A circa 40 km a Sud di Lione c’è un piccolo paese di nome Condrieu, incastrato tra il fiume Rhône (Rodano) e le colline del parco naturale del massiccio del Pilat. Agli amanti del vino probabilmente il nome Condrieu non giungerà nuovo, in quanto denominazione di un meraviglioso bianco. Lo stesso paesino, sede di uno storico mercato, dà il nome anche a un minuscolo formaggio di capra, prodotto nelle colline retrostanti: la Rigotte de Condrieu AOP.

La “Rigotte” non è una ricotta

Nonostante il nome possa ingannare, questo formaggio non ha nulla a che vedere con ciò che noi in Italia chiamiamo “ricotta”: non si produce col siero, ma con latte crudo di capra, acidificando a lungo e coagulando lentamente in 22-24 ore. La cagliata si estrae con delicatezza à la louche, con un piccolo mestolo adatto a depositarla nelle altrettanto piccole fuscelle.
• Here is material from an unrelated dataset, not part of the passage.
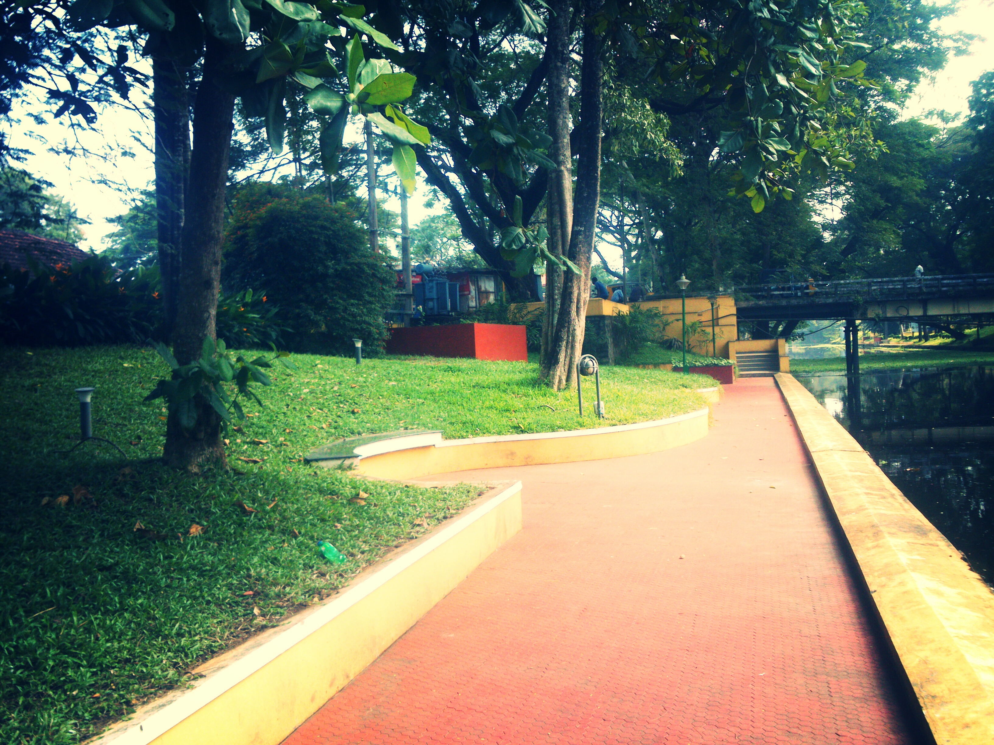 It's one of the canals of Alleppey canal network

Un lavoro certosino, così come i vari rivoltamenti di queste formine lungo l’arco della giornata. Il risultato dopo 8 giorni tra asciugatura e stagionatura è un formaggio di circa 30 grammi, dalle note aromatiche lattiche, che nelle successive 5-6 settimane è capace di mostrare un’incredibile evoluzione.
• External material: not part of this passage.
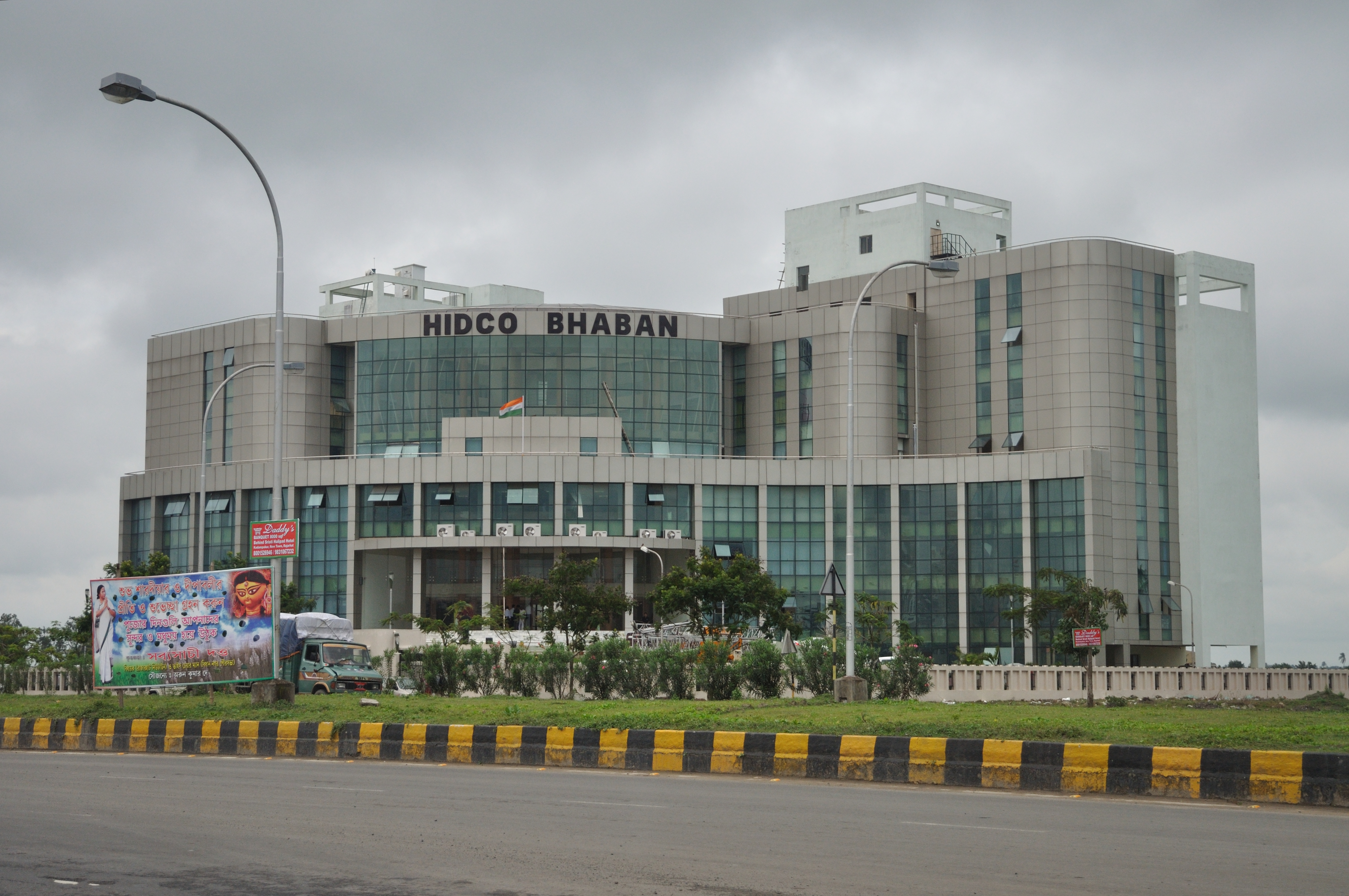 Rajarhat. This media file is uploaded with India loves Wikipedia event.

Di settimana in settimana passa da una pelle color avorio al velluto di muffe bianche, alle sfumature azzurre, familiarmente chiamate le bleu, con note di fungo e nocciola e una struttura via via più compatta. I produttori al momento della vendita le dispongono suddivise per stagionatura componendo un arcobaleno profumato. La Rigotte fino ai 15 giorni è perfetta per preparare gli chèvre chaud, al forno su pane tostato, oltre è da assaporare ad occhi chiusi per coglierne ogni sfumatura.
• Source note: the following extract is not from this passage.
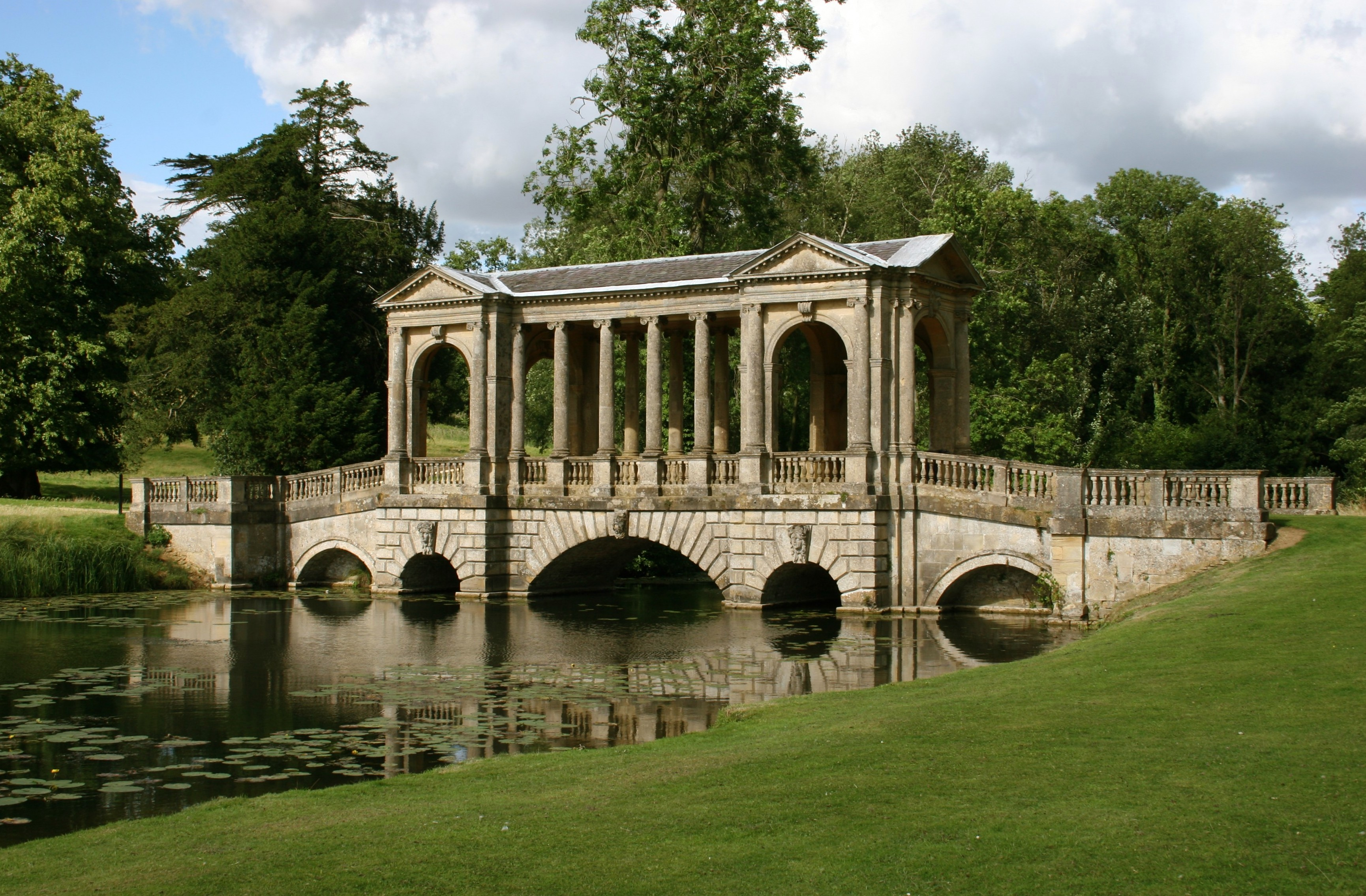 The Palladian Bridge, Prior Park.

Le sue origini risalgono al 18esimo secolo e sembra che il nome derivi da “rigol” o “rigot”, rigagnolo, dai piccoli corsi d’acqua diffusi nei pascoli della zona del Pilat. Qui sono una quindicina i produttori, perlopiù aziende agricole che allevano capre e trasformano direttamente il loro latte.

Più che un formaggio, un luogo del cuore

Proprio in una di queste aziende, ormai 15 anni fa ho imparato molto di quello che so sulla gestione di un gregge di capre, sull’intensità delle relazioni tra umani e animali, su come si conduce un’azienda agricola di filiera corta. Lavorando alla Ferme des Pampilles ho soprattutto sentito sulla mia pelle ciò che avevo solo immaginato sulla carta di un progetto: quanto si possa amare il mestiere e la vita da casara agricola.

Ogni anno in questo periodo penso spesso a quella fase della mia vita, era primavera quando sono stata lì per la prima volta. Avrei voglia di godermi la Rigotte in tutte le sue gradazioni di colore/stagionatura, magari sorseggiando un calice di Condrieu in un bistrot di paese apparentemente in mezzo al nulla.

Conosco solo un posto dove è possibile farlo.